Русоволосые, голубоглазые, но в остальном очень разные, они спустились по деревянной мытой лестнице со второго этажа, пошли по посёлку. Ольга выдвинулась чуть вперёд.
— Тебя на расстрел, что ли, ведут? — крикнула вслед знакомая у колонки.
— Это же сёстры, гулять идём.
Она замедлила шаг, пыталась встать в линию с сёстрами, но те сблизились, выдавливая её. Вышли за посёлок.
— Погода как в прошлый раз, когда мы ландыши собирали, правда?! — Ольга покорно уступила место ведущей Вере, а ведомой — Насте и вспомнила тот день три месяца назад.
Они, также втроём, Славку привезли из Москвы. С вещами, шахматами и со свидетельством об окончании четвёртого класса. Славка лично портфель нёс, пока на все сто не поверил, что теперь никто его в Москву не вывезет. А как поверил, бросил портфель на диван, достал из ведра на столе ватрушку и, на ходу жуя, у подъезда громко крикнул друзьям:
— Пацаны, я из ссылки вернулся! Навсегда!
Настя скривила губы, Вера сказала:
— Хорошая комната. На втором этаже. Никто в окна не будет глаза пялить.
— Окна на север,— бросила Настя.— Сырость всегда.
— Не сахарные, не растают.
После обеда они гуляли.
Вера чувствовала себя прекрасно. Что-то детское, дерзкое было в ней. У оврага она остановилась, зажмурилась, взяла Ольгу за руку, и вдруг вырвалось из груди запретное:
— Помнишь, как мы бежали через наш овраг?
— Не смей молоть чепуху! — крикнула Настя.— Сколько раз говорить.
Старше Веры на двадцать лет, она имела право на строгий материнский тон. Со стороны могло показаться, что она и есть им мать.
— Будет тебе, тридцать лет прошло. И потом, отца-то оправдали. Ещё тогда. Оль, помнишь, точно такой овраг был, да?
— Наш — в три раза больше, если не в пять. Ты забыла.
— Сколько раз говорить вам: молчите.
— У нас же документы.
— Дуры вы.
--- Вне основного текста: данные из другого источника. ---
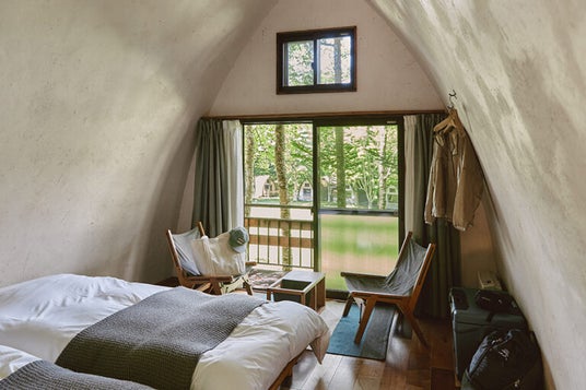ホテルとキャンプの良いところを重ね合わせたようなこの空間は、テントを張る手間なく、プライベートな時間をゆったりと過ごしていただけます。ロッジの温泉やレストランも利用でき、不便さを感じさせません。
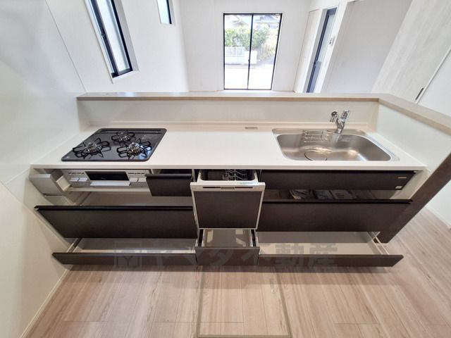 シンプルなデザインのキッチンです。直線的なレイアウトで作業スペースが広めに確保されています。収納が豊富で引き出しも使いやすく設計です。窓が多く明るさが感じられる空間です。
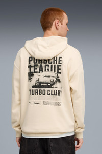 PRODUCT STORY These new Porsche Legacy pieces honor the brand's iconic motorsport heritage, combining high-quality materials with timeless design. Inspired by the spirit of high performance, each piece blends classic style with modern comfort. Whether you're on the track or the streets, embrace the legacy of Porsche with style. FEATURES & BENEFITS - Made with at least 30% recycled materials. DETAILS - Style: 632688_09 - Color: Alpine Snow - Fit: Relaxed - Main material: French Terry - Neck: Crew neck - Long sleeves - Length: Regular - Porsche Turbo poster inspired graphic on the back - Part of the Porsche League by Turbo Club community focused collection MATERIAL INFORMATION - Shell: 67% cotton, 33% polyester - Rib: 97% cotton, 3% elastane
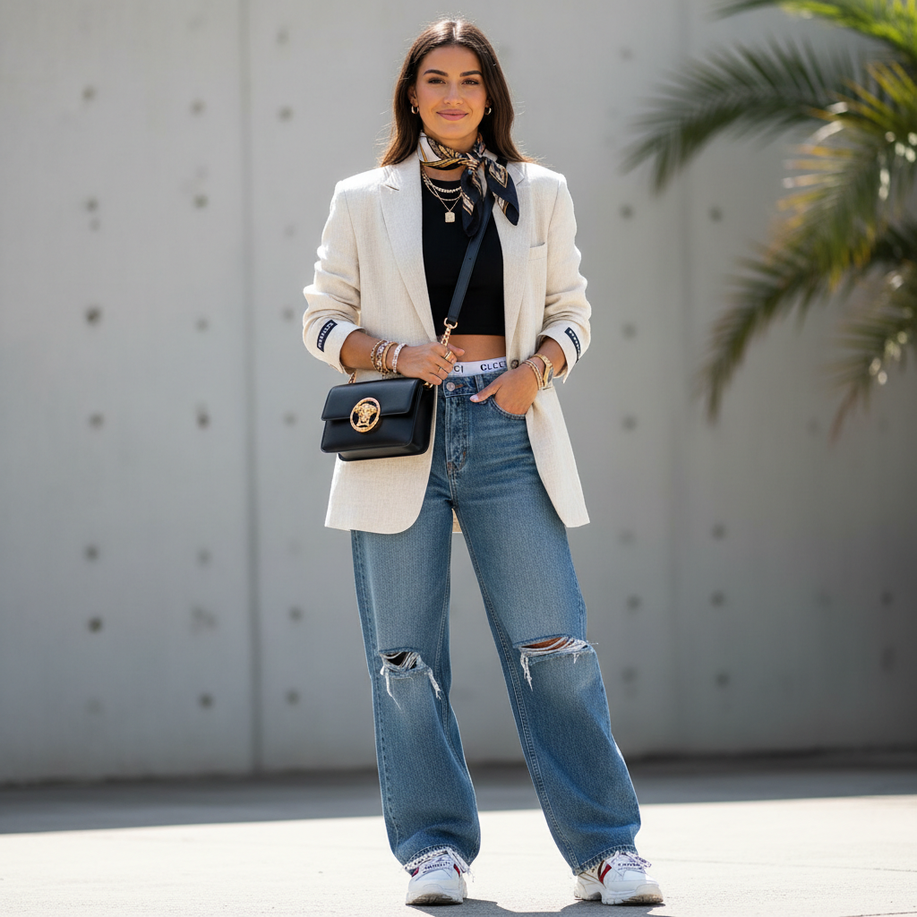 Fashion creator outfit of the day post with brand tags visible
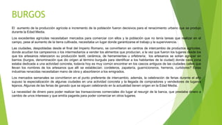 El documento presenta una maqueta sobre la ciudad de Burgos durante la Edad Media. Explica que el aumento de la producción agrícola y la población llevaron al renacimiento urbano, con las ciudades convirtiéndose en centros de intercambio comercial. Los artesanos se agrupaban en barrios dedicados a una actividad específica. Las ferias permitieron la especialización de algunas ciudades en un producto en particular. La necesidad de dinero dio lugar al resurgir de la banca. La maqueta representa estas
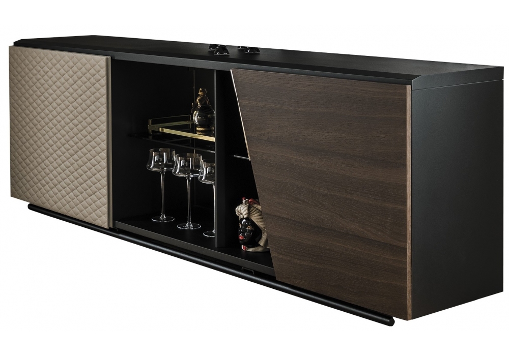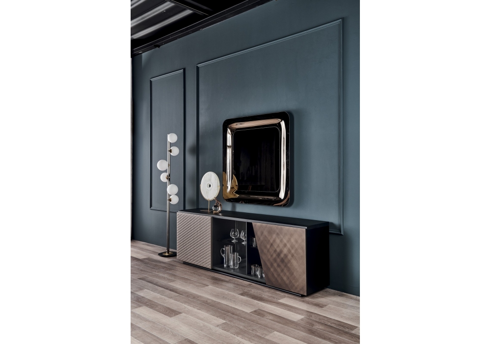 Aston diseñado por STC Studio para Cattelan Italia es un aparador con estructura de madera lacada gofrada y base de acero. Puerta izquierda con revestimiento acolchado en piel o ecopiel, mueble central con espejo, puerta derecha en madera con detalles en cromo negro. Estantes internos en vidrio ahumado.
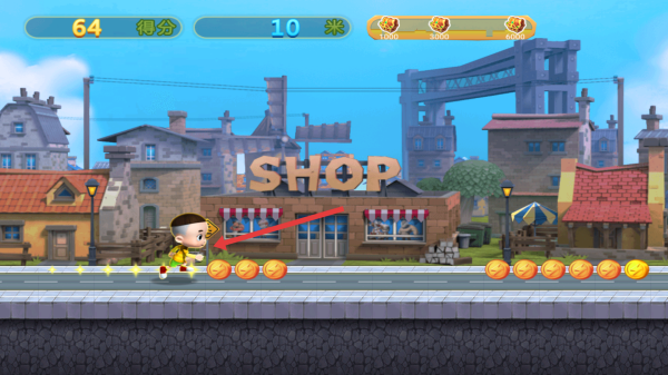3、跑酷操作:在道路上,避障碍、吃金币,用“急速冲刺”道具,冲高分、赢奖励。
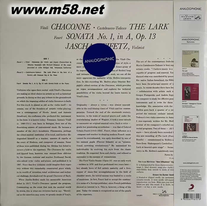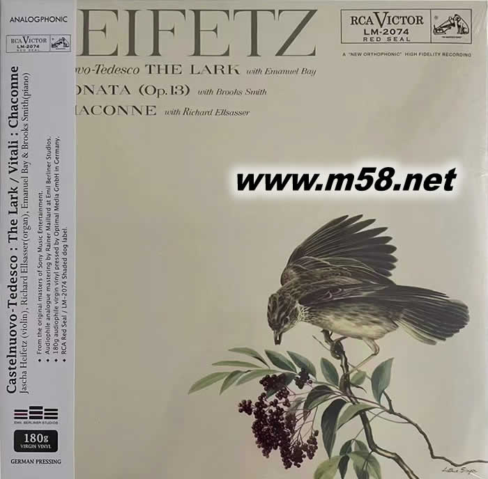 云雀 THE LARK 黑膠(m58.net) 小提琴界的一代帝王海菲茨,曾被指揮泰斗托斯卡尼尼贊為“唯一能演奏得完美無缺的藝術家”,在RCA經典紅線系列錄音。包括:福雷奏鳴曲等,180克黑膠,純模擬制作。

Если бы оправдали... — Настя неожиданно разволновалась.— Мы бы с Зинкой и Дмитрий с Тимофеем институты бы закончили, а вы...
— А нам всё одно война дорогу переехала,— у Веры был характер непокорный.
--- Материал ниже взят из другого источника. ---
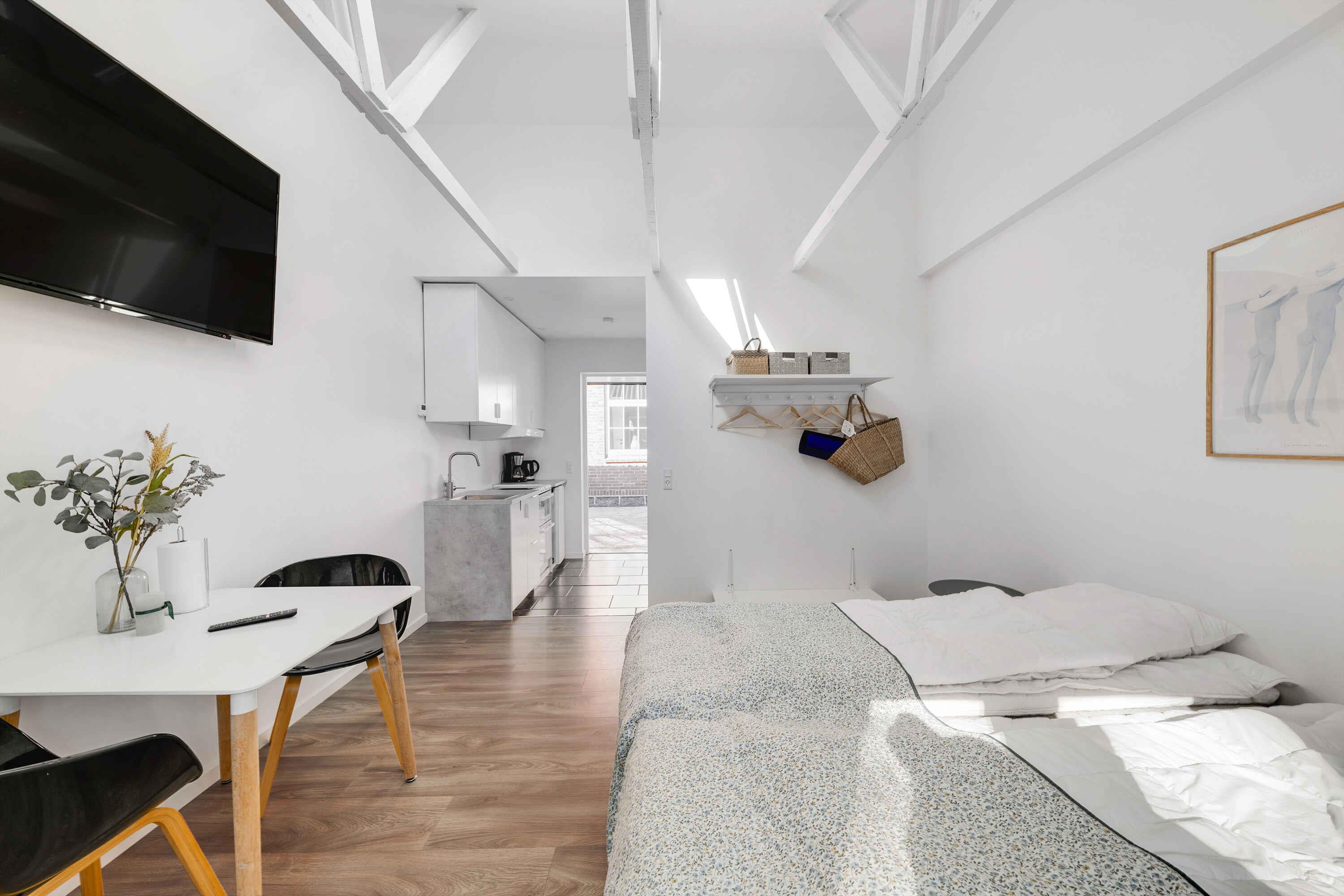 Willkommen im SOLGAARDEN BADEPENSION – Ihrem gemütlichen Aufenthaltsort im Herzen des ursprünglichen Bornholm. Eine moderne Oase von 25 m2. Die Unterkunft verfügt über ein Schlafzimmer und zwei Schlafplätze. Perfekt für Paare oder eine kleine Familie. Solgaarden ist für diejenigen, die die Ruhe der Natur und einige von Bornholms wunderschönen Umgebungen genießen möchten – ganz zu schweigen von all den herrlichen gastronomischen Möglichkeiten auf Bornholm. Solgaarden hat insgesamt 9 Apartments und ist daher auch der Ort für Gruppen oder Großfamilien über Generationen hinweg. Solgaarden bietet einen vollständigen Blick auf die Ostsee. Ursprünglich war der Hof eine Schule, die später erweitert wurde, um als Veranstaltungsort und Ferienlager zu dienen. Heute wurden die Räume in kleine, neu renovierte Apartments mit eigenem Bad und Küche umgewandelt. Der Ort verfügt über eine wirklich gemütliche Umgebung im Hof mit einem Essensschuppen und einer großen Feuerstelle. Darüber hinaus hat das Apartment einen eigenen Zugang zu einer großen Terrasse, die zur wilden Natur hinausführt. Vom Hof aus kann man in den wunderschönen großen Garten von Solgaarden hinuntergehen, der ideal ist zum Spielen, Entspannen, Mittagessen unter Apfelbäumen und für alle sonnigen Augenblicke. Svaneke bietet einzigartige Erlebnisse. Lokale Handwerker, historische Straßen und das Rauschen des Meeres.

— Ничего вы не знаете и не понимаете.
— Нашлась знаток. Ничего нам толком не говорили, да, Оль? — Вере надоела эта тема, и она нанесла Насте коварный удар.— Хватит злиться. Тебя Славка задел, а ты на нас обиду срываешь. Он же малóй совсем, не понимает, что говорит. Ссылку какую-то придумал, а сам в такой школе, в центре Москвы, учился.
— Правда, Настя,— смиренно выдохнула Ольга.— Ты для нас так много сделала.
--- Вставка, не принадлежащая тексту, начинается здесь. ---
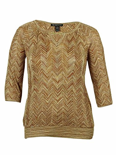 This chic sweater features a split neck with a gold clasp, three-quarter sleeves, and metallic material.
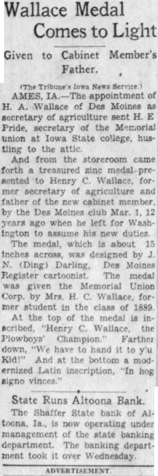 Wallace Medal Comes to Light Given to Cabinet Member's Father. (The Tribune's Iowa News Service AMES, IA.-The appointment of H. A. Wallace of Des Moines as secretary of agriculture sent H. E Pride, secretary of the Memorial union at Iowa State college, husthing to the attic. And from the storeroom came forth treasured zinc medal presented to Henry C. Wallace, for mer secretary of agriculture and father of the new cabinet member by the Des Moines club Mar. 1, 12 years ago when he left for Washington to assume his new duties The medal, which is about 15 inches across, was designed by J. N. (Ding) Darling, Des Moines Register cartoonist The medal was given the Memorial Union Corp. by Mrs. H. C. Wallace, for mer student in the class of 1889 At the top of the medal is inscribed. "Henry C. Wallace, the Plowboys' Champion. Farther down, "We have to hand it to y'u Kid!" And at the bottom modernized Latin inscription, "In hog signo vinces." State Runs Altoona Bank. The Shaffer State bank of Altoona, Ia., is now operating under management of the state banking department. The banking depart ment took it over Wednesday ADVERTISEMENT

Они спустились в овраг. Ольга подвела сестёр к своему картофельному участку, небольшому, у самого ручья, огибавшего ровные грядки, из которых тянулись ростки.
— Мешков пять собираешь? — спросила Вера.
— Шесть-восемь,— Ольга приосанилась.— А то и десять. Земля хорошая. До июля хватает.
— У нас палисад был в три раза больше,— хмыкнула Настя.
И они пошли в лес, чудом уцелевший в центре колхозного поля. Настя забыла о грустном, дышала глубоко. А сёстры её младшенькие бросились в воспоминания. Впервые за тридцать лет говорили они громко о том, как бежали летним вечером под Верунькин плач в соседнюю деревню, как там, у большого дома, уткнулись они в широкий подол цветастой юбки и долго, как взрослые, плакали, накрытые тёплыми руками бабы Ксюши.
Им в тридцатом было на двоих восемь с половиной лет. Они на всю жизнь запомнили и тот бег, и тот плач, и два слова: «На живца». «Баба Ксюша! Нас на живца ловят!» И грубый окрик деда Ивана, вошедшего в избу: «Чтоб я больше не слышал этого слова!»
В лесу женщины стали меньше ростом ровно на высоту ландышей. Вера, будто на собственном огороде орудуя, нарвала толстый букет. Настя — букет небольшой.
Проводив сестёр до станции и возвращаясь на посёлок, Ольга рассуждала: «Войну надо было выиграть, без этого никак. Но как же хорошо было в тот день, когда на новоселье в наш дом приехали все братья и сёстры из своих институтов и заводов! Жаль, фотографа не дождались. Может быть, он услышал о ссоре отца с дядей Петей, председателем? Не знаю. Но лучшего дня у меня в жизни не было. Все весёлые, сильные, нас с Верунькой по очереди на руки брали. До сих пор тепло их тел чувствую, хотя некоторых уже в лицо не помню. А Верунька того дня не помнит. Было-то ей два с лишним годика. Как я её довела в тот вечер до бабы Ксюши, ума не приложу. «Не пойду дальше,— твердит своё, и хнычет, и повторяет при этом: — Пусть лучше меня на живца поймают, к маме хочу!» Еле-еле дотащила её».
— Не пойду дальше,— Вера остановилась у склона оврага.— Здесь поговорим. Ольга, ты подумай о сыне, о себе...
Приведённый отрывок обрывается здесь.